This makes the racket compiler check for new versions of modules it
already compiled. Should avoid some confusing errors when developing the
racket libs.
If a user arbitrarily permutes the links associated with code, it's
possible to end up with a load request that appears to have mutually
recursive definitions without common hashes. So, this has been made into
a catchable exception instead of throwing a Haskell error.
The initial hashing in the runtime just calls error when this happens,
since it means some internal code generation generated bad SCCs, not
that some kind of user error happened.
Solves one observed problem and potentially some others.
The observed problem was the process of unhashing and rehashing does not
replace any term links in the original terms. This is because term link
literals can't be turned into variables and subsequently replaced with
new hashes. So, instead we use our available variable mappings to
replace the literals manually.
A superior methodology might be to replicate the SCC behavior already in
hashTermComponents, and incrementally remap individual components.
However, that is a considerable amount of additional work, and the
post-floating references are just used as a translation layer between
the codebase and verifiable hashes, so making them completely consistent
doesn't seem necessary.
I've also added some codebase->verifiable replacements from the context
in some places. It's possible not doing this would have caused problems
during UCM sessions where some terms are loaded incrementally due to
multiple calls into the runtime. I didn't observe any failing tests due
to this, though.
When the interpreter is called for things in a scratch file, the code
path is slightly different, because all the definitions are pre-combined
into a letrec. If the definitions are subsequently added to the
codebase, we will have already loaded and compiled their code. However,
previously the remapping from base to floated references would not
exist, because that was only being generated for loaded dependencies in
the other path.
So, this code adds a similar remapping for a top-level letrec in this
code path. This fixes a problem with compiling a definition that had
just been added from a scratch file. The remap was expected to be there,
but it wasn't, so the compiler could find the code to emit.
The pair marshaling code was mistakenly using only a single layer of
data nesting, but unison pairs are like 2-element cons lists.
The rehashing code was not sorting the SCCs into a canonical order, so
the exact input order for components with more than one binding could
influence the hash.
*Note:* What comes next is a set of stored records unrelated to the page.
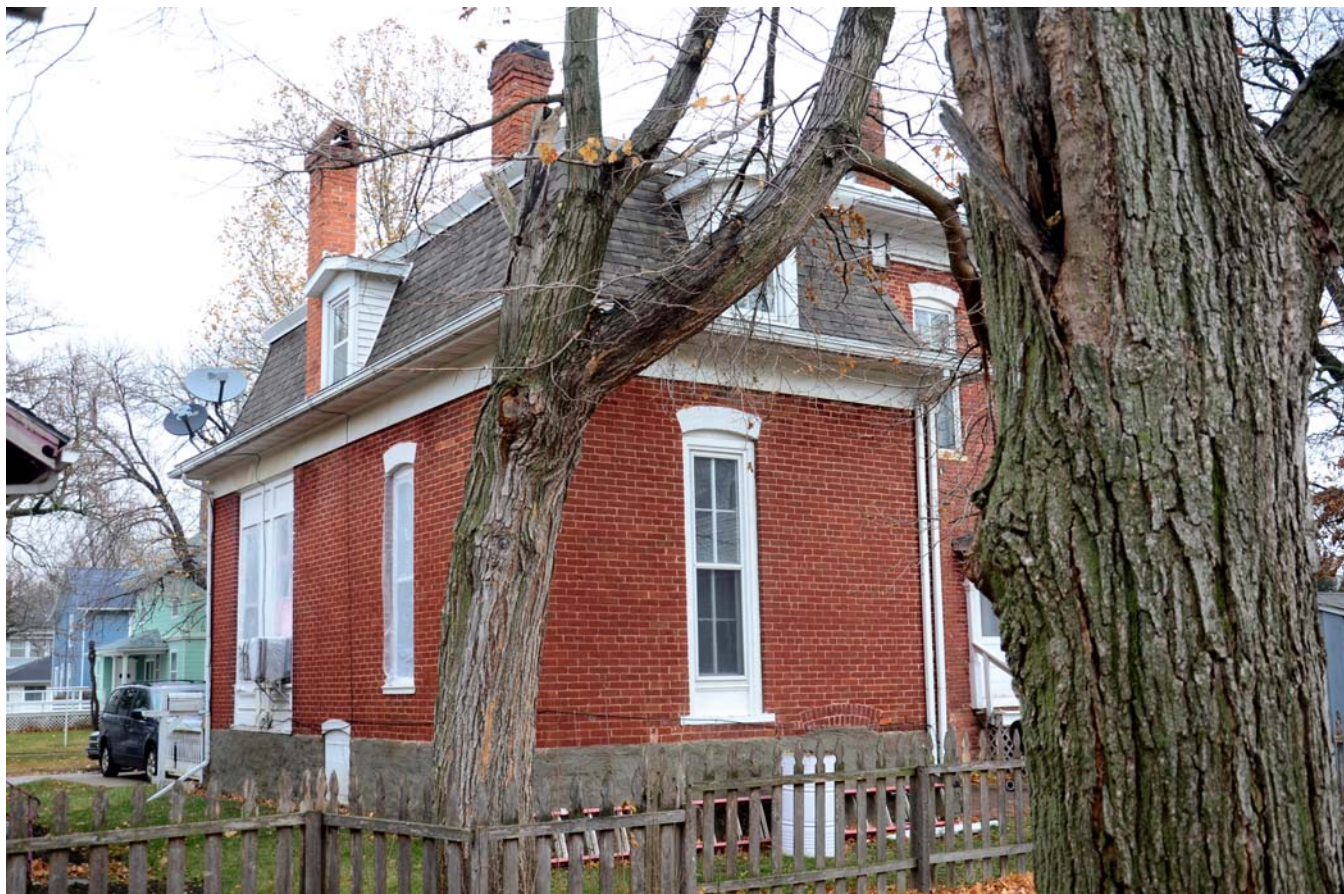
Photograph 92-00155-004 - House, looking northeast (December 2014)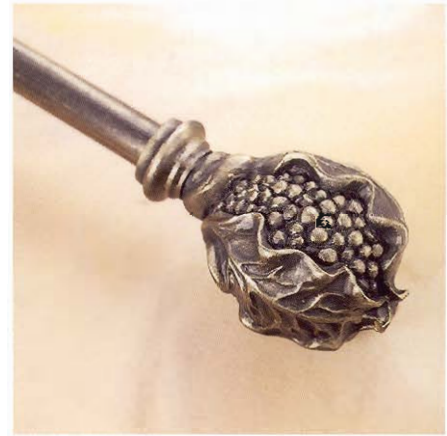
POMEGRANATE (1" rod only) 5.75"L 4"H finishes: AW, SD, AG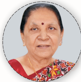
Smt. Anandiben Patel

Sorting by input reference order fixes this, as all
references in an SCC are required to have the same hash, and differ only
by index.
I've checked the transcripts, and I believe these are outputs that
_should_ have changed, because the output depends on the specific values
of term links. fix2027 is just a different hash in a stack trace, which
is not surprising because it's the hash of a floated function.
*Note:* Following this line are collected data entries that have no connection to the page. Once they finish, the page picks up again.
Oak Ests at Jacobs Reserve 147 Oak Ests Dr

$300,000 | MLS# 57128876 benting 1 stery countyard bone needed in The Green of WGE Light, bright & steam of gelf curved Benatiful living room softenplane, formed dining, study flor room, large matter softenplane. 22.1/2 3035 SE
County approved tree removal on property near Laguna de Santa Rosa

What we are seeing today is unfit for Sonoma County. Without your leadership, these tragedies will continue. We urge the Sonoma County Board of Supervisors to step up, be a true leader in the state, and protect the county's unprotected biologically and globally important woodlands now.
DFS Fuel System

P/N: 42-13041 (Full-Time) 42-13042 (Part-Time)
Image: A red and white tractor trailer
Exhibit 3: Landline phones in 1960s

I had mistakenly been putting floated terms in the decompile info, and
that was causing some mismatches with previous decompiling outputs.
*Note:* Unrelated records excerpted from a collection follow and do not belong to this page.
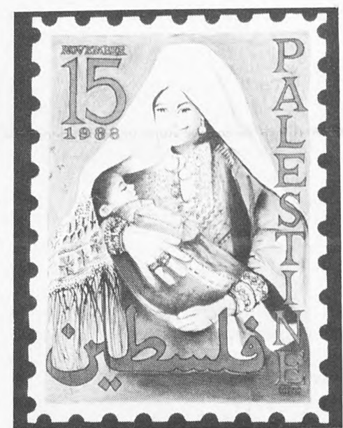
Painting by Judy Hirsch for "In Celebration of the State of Palestine" art exhibit. (see "Letters to Editors").

Public support for peace talks remains strong. The many shifts toward peace among Israelis are very significant [see article, page 1]. In recent polls, 70 percent of Americans support the U.S.-PLO dialogue; 58 percent of American Jews say Israel should talk to the PLO, too. In response to this new atmosphere, the U.S. State Department issued its first-ever report to seriously address Israeli violations of Palestinian human rights in the course of the 22year-old occupation of the West Bank and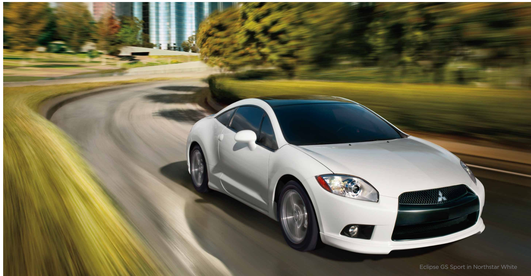
Eclipse GS Sport in Northstar White

Eclipse's High-Intensity Discharge (HID) headlamps are brighter than normal headlamps and emit a beam that more closely mimics the light of the sun, making for better definition and less eye fatigue.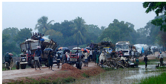
Civilians being displaced as a result of the Sri Lanka Army's military offensive. January 2009.

The Sri Lankan Army began the attack on Kilinochchi on 23 November 2008. Troops were attacking rebels' defences from three directions. [200] However, the LTTE offered a stiff resistance, and the prolonged attack resulted in heavy casualties on both sides. [201]

Switching back to remembering the unfloated definitions seems to have
cleared up the discrepancies.
Previously, we were taking already hashed terms as input to the various
intermediate compiler stages. We would then do things like lambda
lifting, and hash the resulting definitions afterwards. However, this
leads to problems like mutually recursive definitions that do not share
a common hash.
To rectify this, we instead do the intermediate operations on an
_unhashed_ version of code looked up from the codebase. Essentially, we
turn relevant definitions back into a letrec, do the floating, then hash
the results of that processing. This gives proper hashes to the
processed terms so that the compiled terms can be rehashed with relative
ease.
The system for this is unfortunately quite intricate. To get good
decompiled output, we need to keep track of associations between
original and floated terms _and_ floated and rehashed terms, then
mediate between them in various places.